Aussie Q2 GDP report the focus this week, albeit prospects for Q3 much bleaker
Turning to the week ahead, further information on activity in Q2 will come tomorrow with the release of both the Balance of Payments – and thus data on net export volumes – and public sector spending figures. In addition, the ABS will release data on building approvals during July – likely weaker given the virus outbreak – and the RBA will release its money and credit aggregates for July. On Wednesday, notwithstanding virus-related disruptions, the national accounts for Q2 are likely to point to further growth in GDP. However, in comparison to recent quarters growth is shaping up to be very modest – perhaps no more than 0.5%Q/Q – but annual growth is likely to exceed 9%Y/Y due to base effects associated with last year’s lockdown. Of course, given the current virus outbreak, any growth recorded in Q2 is likely to be more than unwound in the current quarter. The same day will also bring the CoreLogic house price index for August and the final Markit manufacturing PMI reading for August. On Thursday, the ABS will release its international trade report for July and housing finance figures for July. The data flow concludes on Friday with the release of the final Markit services PMI reading for August, after which attention will turn quickly to next week’s RBA Board meeting – one that could well see the RBA backtrack on last month’s decision to retain its plan to taper asset purchases next month (not that this would achieve much).

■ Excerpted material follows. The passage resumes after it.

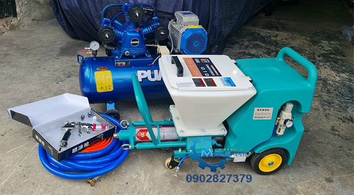 - ngoài chức năng phun vữa chống cháy còn có thể sử dụng được với nhiều loại vật tư đa dạng như sơn chống thấm hai thành phần, sơn chống thấm gốc Sika, gốc keo -xi măng - Polyme, gốc Acrylic, thấm gốc Polyurea,… và mọi loại sơn chống thấm trên thị trường hiện nay.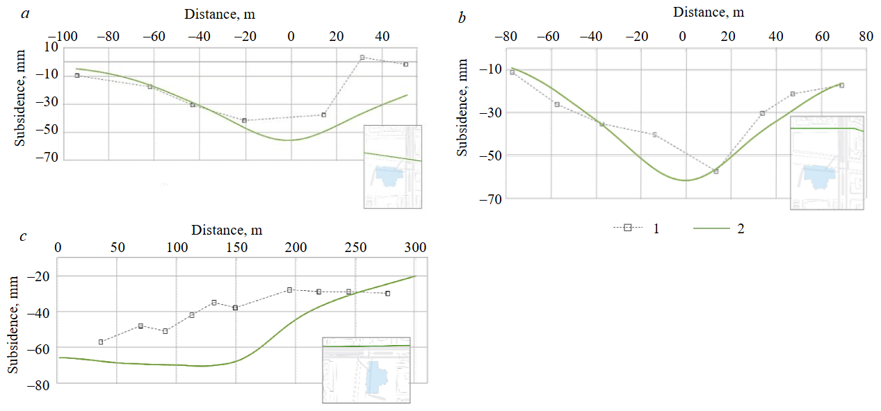 1 – subsidence according to field observations; 2 – subsidence obtained in the model

Business survey, housing data and trade indexes ahead in New Zealand this week
This week’s Kiwi economic data kicks off tomorrow with news on building approvals for the month of July. More interest will centre on the ANZ’s Business Outlook survey for August – also released tomorrow – although it is doubtful that the survey will capture much of the impact of the recent virus outbreak and associated national lockdown. The CoreLogic house price index for August will follow on Wednesday, while on Thursday the countdown to the Q2 GDP report will continue with Statistics New Zealand publishing the Overseas Trade Indexes for Q2, taking already released value data and attributing movements to changes in volumes and/or prices.